Bell headed across leaf-green Brooklyn at one hundred twenty miles an hour.
Van Dorn resumed pondering how to deal with misfortune.
The World War had upended his agency. Some of his best detectives had been killed fighting in the trenches. Others died shockingly young in the influenza epidemic. A post-war recession in the business world was bankrupting clients. And only yesterday, Isaac Bell had discovered that bootleggers, who were getting rich quick off Prohibition by bribing cops and politicians, had corrupted two of his best house detectives at the Hotel Gotham.
Bell climbed to three thousand feet before they reached the Rockaways. Where the white sand beach slid into the ocean like a flaying knife, he turned and headed east above the string of barrier islands that sheltered Long Island from the raw fury of the Atlantic. A booze smugglers’ paradise of hidden bays and marshes, inlets, creeks and canals stretched in the lee of those islands as far as he could see.
Thirty miles from New York, he banked the plane out over the steel-blue ocean and began to descend.
“Can I come in the launch, Chief?”
Seaman Third Class Asa Somers, the youngest sailor on the Coast Guard cutter CG-9, was beside himself. He had finally made it to sea, patrolling the Fire Island coast for rumrunners on a ship with a cannon and machine guns. Now the fastest flying boat in the world — a high-wing pusher monoplane — was looping down from the sky. And if the roar of its four-hundred-horsepower Liberty motor wasn’t thrilling enough, it was bringing a famous crime fighter he’d read about in Boys’ Life and the Police Gazette—Mr. Joseph Van Dorn, whose army of private detectives vowed: “We never give up!
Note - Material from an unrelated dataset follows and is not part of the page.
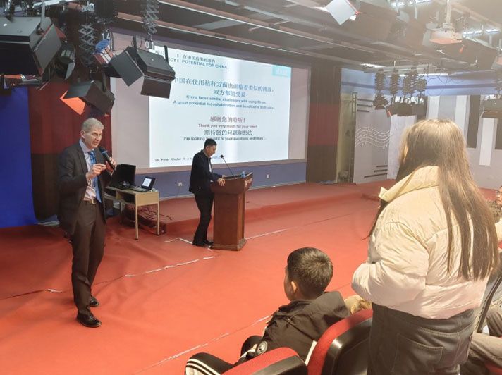 Peter kogler教授以其深厚的学术造诣和幽默风趣的讲解风格,将秸秆生物质材料的奥秘娓娓道来。Peter kogler教授详细介绍了秸秆的生物质特性及其在农业生态系统中的作用。他强调,秸秆作为农作物的主要副产品,富含有机物质和营养成分,是一种宝贵的可再生资源。在正确的利用方式下,秸秆可以作为有机肥料、饲料、生物能源等多种用途,对于提高土壤肥力、减少化肥使用、改善农业环境等方面具有显著的作用。他深入浅出地介绍了秸秆生物质材料的特性、应用前景以及环境和经济效益,让同学们对这一领域有了全新的认识。

Never!”
“What’s got you all stirred up?” growled the white-haired chief petty officer.
“I want to meet Mr. Van Dorn when he lands.”
“He ain’t gonna land.”
“Why not?”
“Open your eyes, boy. See that swell? Four-foot seas’ll kick that flying boat ass over teakettle.”
“Maybe he’ll give it a whirl,” Somers said, with little hope. Flight Magazine praised the S-1’s speed a lot more than its handling.
“If he does,” said the chief, “you can come in the launch to pick up the bodies.”
Up on the flying bridge, CG-9’s skipper expressed the same opinion.
“Stand by with grappling hooks.”
The flying boat circled lower. When it whipped past, skimming wave tops, Somers recognized Van Dorn, who was seated beside the pilot in the glass-surrounded, open-roofed cockpit, by his red whiskers bristling in the slipstream.
The roar of the big twelve-cylinder engine faded to a whisper.
“Lunatic,” growled the chief.
But young Somers watched the Air Yacht’s ailerons. The wing flaps fluttered up and down almost faster than the eye could see as the pilot fought to keep her on an even keel. Back in her tail unit, the horizontal stabilizer bit the air, and down she came, steady as a locomotive on rails. Her long V-shaped hull touched the water, flaring a vapor-thin wake. Her wing floats skimmed the swell, and she settled lightly.
“Somers! Man the bow line.”
The boy leaped into the launch and they motored across the hundred yards that separated the cutter and the flying boat. The huge four-bladed propeller behind the wing stopped spinning, and the pilot, who had made an almost impossible landing look easy, climbed down from the cockpit onto the running board that extended around the front of the rocking hull. He was a tall, lean, fair-haired man with a no-nonsense expression on his handsome face. His golden hair and thick mustache were impeccably groomed. His tailored suit and the broad-brimmed hat pulled tight on his head were both white.
Somers dropped the bow line.
“What in blazes are you doing?” bellowed the chief.
“I bet that’s Isaac Bell!”
“I don’t care if it’s Mary Pickford! Don’t foul that line!”
The boy re-coiled the line, his gaze locked on the pilot. It had to be him. Bell’s picture was never in a magazine. But reports on Van Dorn always mentioned his chief investigator’s white suit and it suddenly struck Somers that the camera-shy detective could go incognito in a flash simply by changing his clothes.